LinkedIn recently announced it had raised $53m on a $1bn valuation. This comes on the back of facebook’s more recent $100m, as well as Slide and RockYou getting $50m and $35m respectively. When Marc Andreessen raised $60m for Ning he said it was to survive the ‘nuclear winter’.
Now all these companies have two things in common, big names and big VC dollars. I always found the idea of rock stars faintly absurd. Does a rock star developer go up on stage at Glastonbury and code as screaming fans egg him on? The other day I read The Talent Myth by Malcolm Gladwell. In it he argued that a culture that promotes and pampers rock stars sows the seeds of its own failure.

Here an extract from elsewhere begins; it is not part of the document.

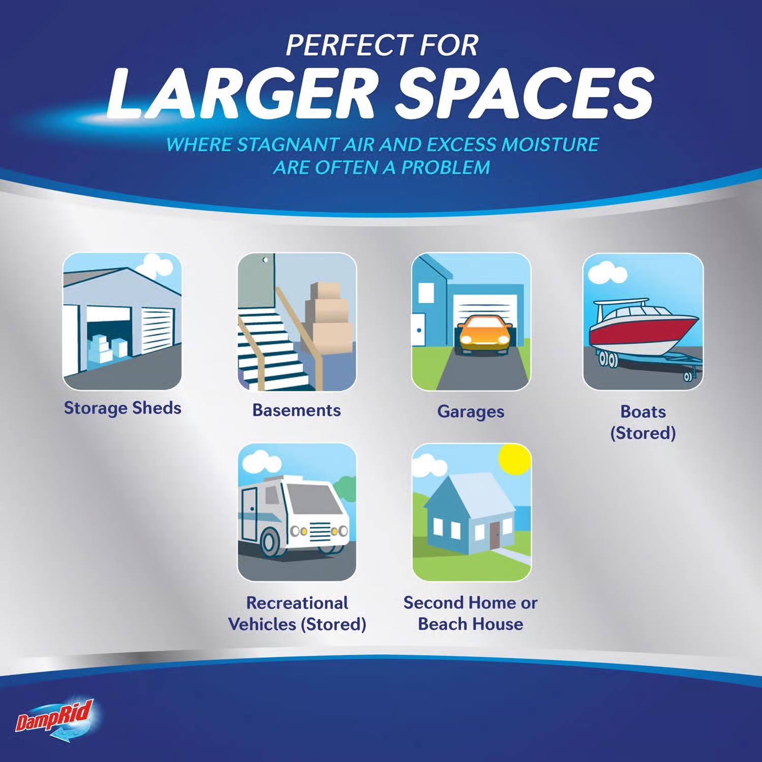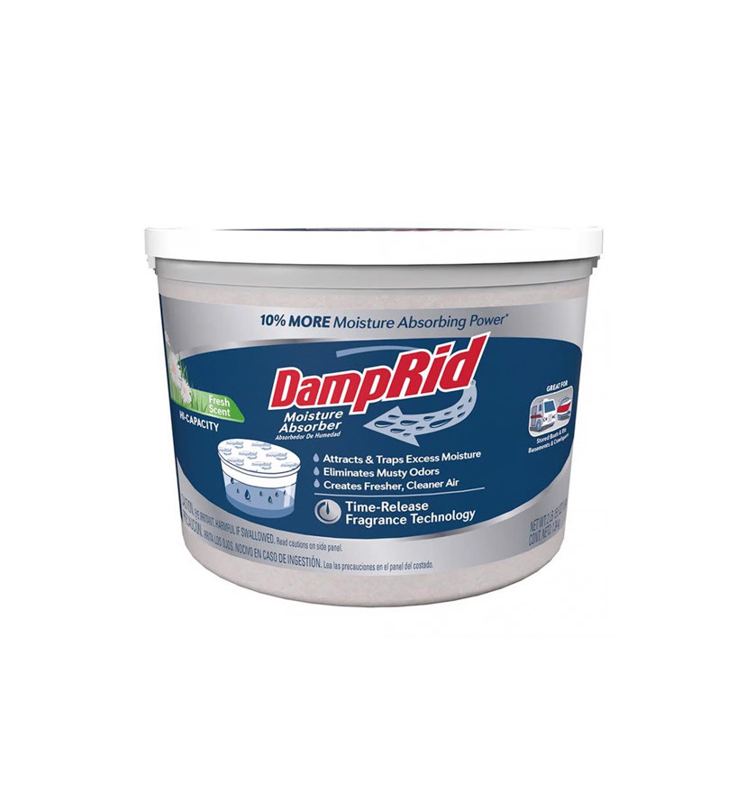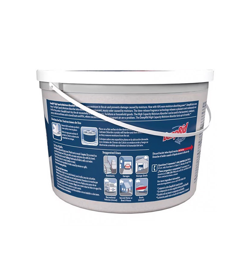 DampRid Hi-Capacity Moisture Absorber Buckets eliminate excess moisture from the air that can cause stale, musty odors. Furthermore, time-release fragrance technology continuously releases a pleasant scent over the life of the product. The hi-capacity design is perfect for large spaces - making it an ideal garage and basement odor eliminator. It's also great for crawl spaces, storage areas and stored RVs & boats. DampRid crystals absorb excess moisture to create and maintain the optimal humidity level wherever moisture is a problem. This dehumidifying bucket offers 10% more moisture absorbing power* and lasts up to 6 months depending on temperature and humidity. When the liquid in the bucket reaches the replacement indicator line, simply discard and replace. Keep out of reach of children. Do not use in moving vehicles. Do not allow product to contact leather or metal. (*Compared to other DampRid Hi-Capacity Bucket).

A few weeks ago I heard a VC who had backed a number of successful ventures bemoan the fact that rock stars were great at raising money but not at making it and that he now preferred hungry unknowns. What I find odd about all this money raising is that all the real stars of the previous generation started making money fairly early on and didn’t have to raise huge sums on massive valuations. Google took about $26m in total from an angel round and a Series A before getting a reliable revenue stream which has sustained the company ever since.
In backing these rock star encrusted ventures VCs are ignoring the lessons of their own history. Google, Apple, Microsoft, eBay, PayPal, Yahoo were all started by unknowns. All the founders were outsiders whose ideas were initially rejected but still believed in what they were doing and carried on.
It reminds me of British tennis. Every year the LTA pumps more and more money into better and better facilities, coaches, everything, ensuring that young British players have the best of everything and yet they still fail. What nobody has considered is the possibility that lavishing them with everything is what causes them to fail. They are so well tended to they have no hunger. Contrast the rise of Serbian tennis whose current crop of winners had to play on cracked courts with almost no facilities in between being bombed by Nato.